Immediately, after Wildest Card Wednesday’s games had concluded, the folks at MLB Network and ESPN were saying that this was the greatest night of baseball in the game’s history. Now that we have a few hours’ perspective, it is clear that they were absolutely right. There has never been a night in which the numbers of the game and the poetry of the game aligned so perfectly. Consider:
The Rays were one strike away from defeat with two outs and nobody on in the bottom of the 9th before Dan Johnson (he of the .108 BA w/ 1HR) tied the game with a home run. The Red Sox were one strike away from victory with two outs and one on in the bottom of the 9th before Nolan Reimold (the 9th place hitter) tied the game with a double.
The Red Sox were 76-0 this season when carrying a lead into the 9th.
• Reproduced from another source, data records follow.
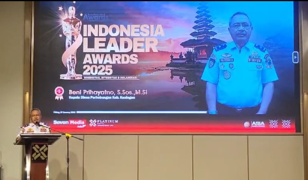KUNINGAN – Kepala Dinas Perhubungan Kabupaten Kuningan, Beni Prihayatno, S.Sos., M.Si., berhasil meraih penghargaan bergengsi kategori The Most Promising Indonesia 2025 Kolaborasi, Sinergi, dan Integritas di ajang “Indonesia Leader Awards 2025”. Atas inovasi dalam meningkatkan pelayanan di bidang perhubungan.
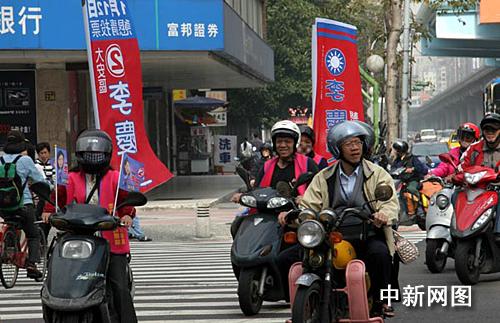 一月十日,一名“立委”候選人的選務團隊,將拉票彩旗插在摩托車上穿梭于臺北街頭造勢。 作者:孫自法
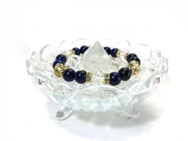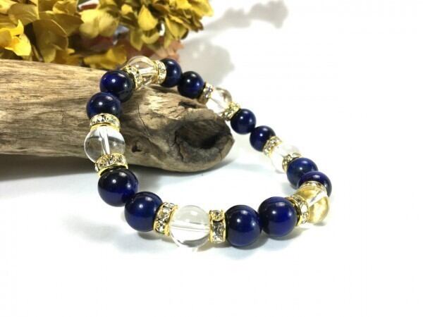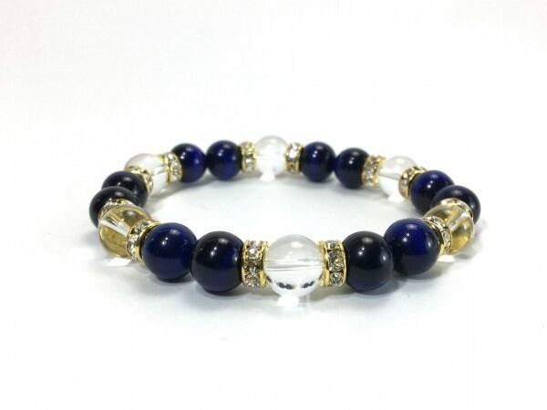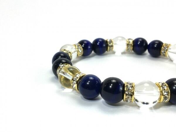 こちらは、ブルータイガーアイと水晶を組み合わせたブレスレットです。間にはロンデルを挟み高級感あるデザインに仕上がっています。石大きさは腕にも馴染みやすいように10mm玉で内周約17cm(伸可能)です。数に限りがございますので気になる方はお早めにどうぞ。
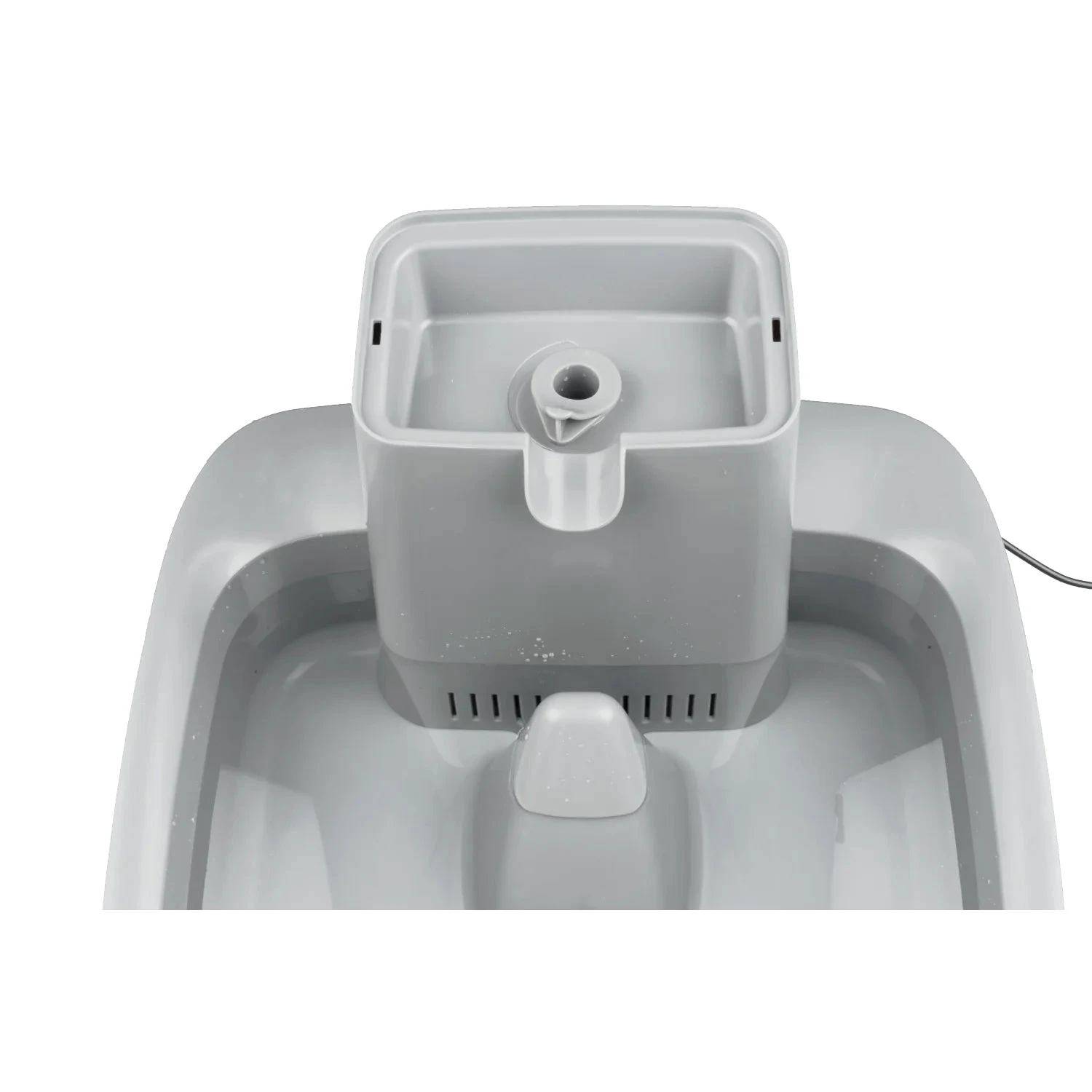 The PetSafe Drinkwell 7.5 Litre Pet Fountain is designed with you and your pet in mind. This automatic water bowl features a free-falling water stream with adjustable flow control. Choose from nearly silent circulation on the lowest setting to a tranquil stream on the highest. The flow control allows you to tailor the water flow to your pet’s needs. The large capacity bowl is perfect for big dogs and multiple pet households and the square bowl design is large enough for several pets to drink out of at the same time with minimal splashing. When it’s time to refill, simply use a pitcher to fill the bowl to the desired level. The 7.5 Litre Fountain was specifically designed with no hard-to-reach crevices to clean, allowing you to spend more quality time with your pet.
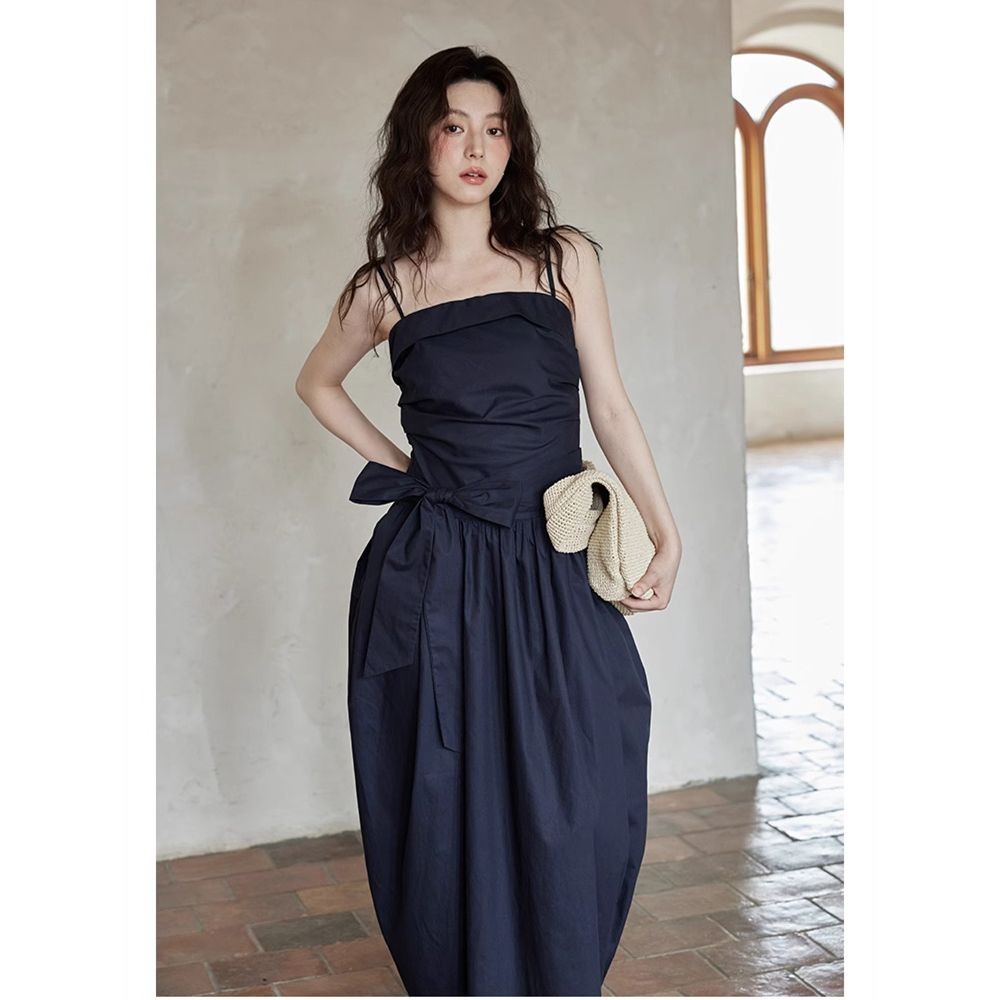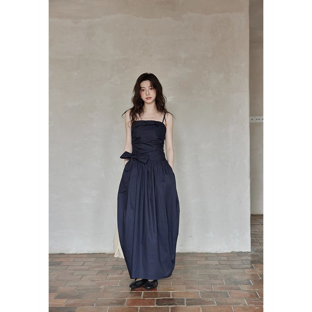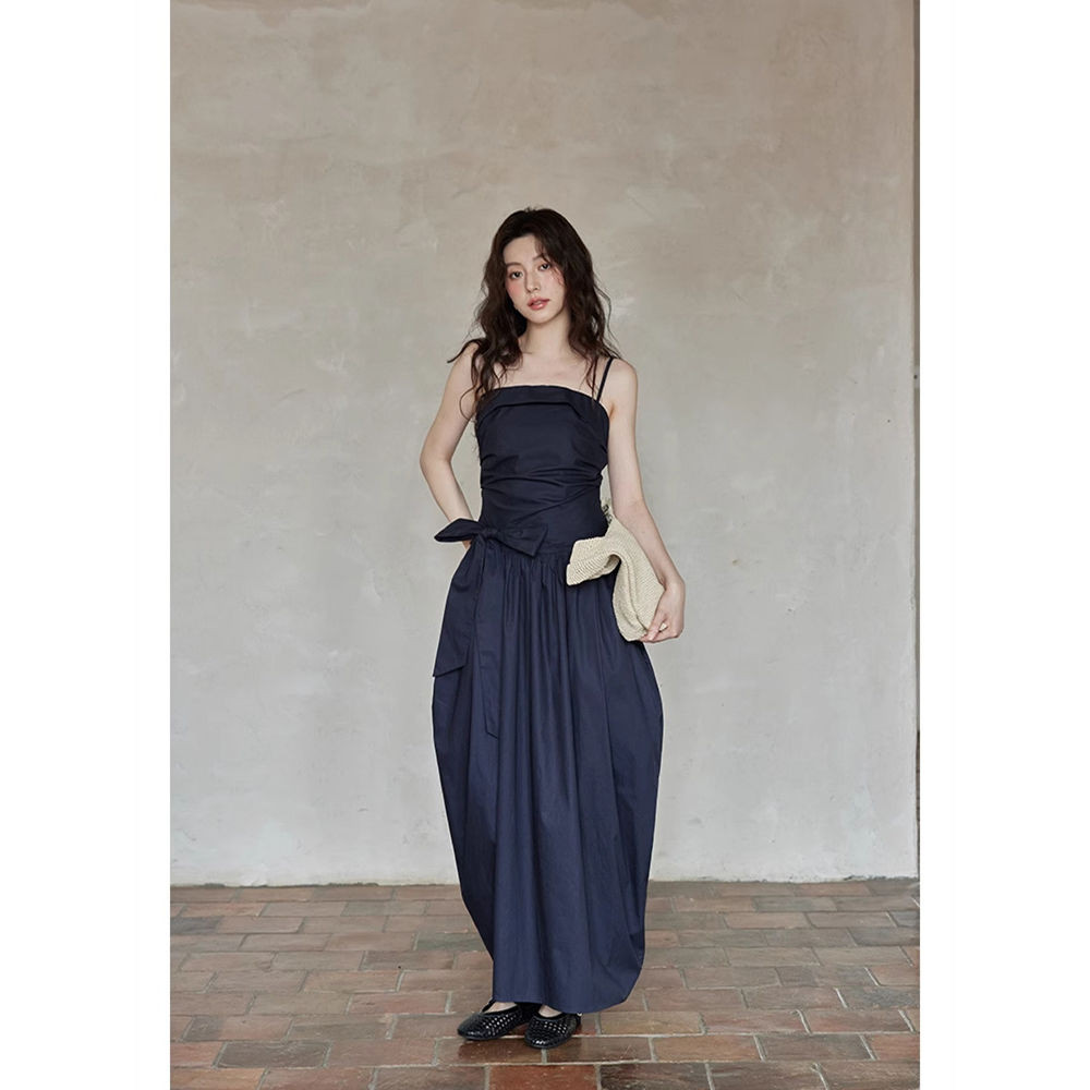 Shanmieleng ชุดกระโปรงยาวแบบslimmer สไตล์เรโทรฝรั่งเศส สีฟ้าสำหรับฤดูร้อน

The Yankees had not lost a 7-run lead in the 8th inning or later since 1953.
A summer shower passes through Baltimore five days into fall and when play resumes an hour and a half later, two games begin running on an eerily parallel course. Naturally, Reimold’s double occurs at the stroke of midnight. Three minutes later, Boston’s gilded carriage turns into a large, moldy pumpkin when Evan Longoria hits the first home run in his team’s final game that puts them into post-season, for the first time since Bobby Thomson! (I swear at that moment, I heard Russ Hodges, Mel Allen, and Ernie Harwell singing the Hallelujah Chorus.)
The Tampa Bay Rays head to Texas with the deepest starting staff in the American League playoffs and they’re playing with house money. The Boston Red Sox head home suffering from what many are now calling, “The Curse of the Andino.”
Wednesday night’s scenario may not be duplicated for another 200,000 games, but Major League Baseball can at least head itself in that direction. Reflect for a moment—there were four teams, playing in four different games, and the combination of outcomes determined the next match up. Sounds a great deal like tournament play to me and that’s exactly what I argued for in my post last Wednesday. Turn the playoffs into a tournament! If Baseball does, then it might produce some dramatic games that at least come close to what we just witnessed. Coming even remotely close to Wednesday night’s excitement will be close enough, and a vast improvement over the current playoff system.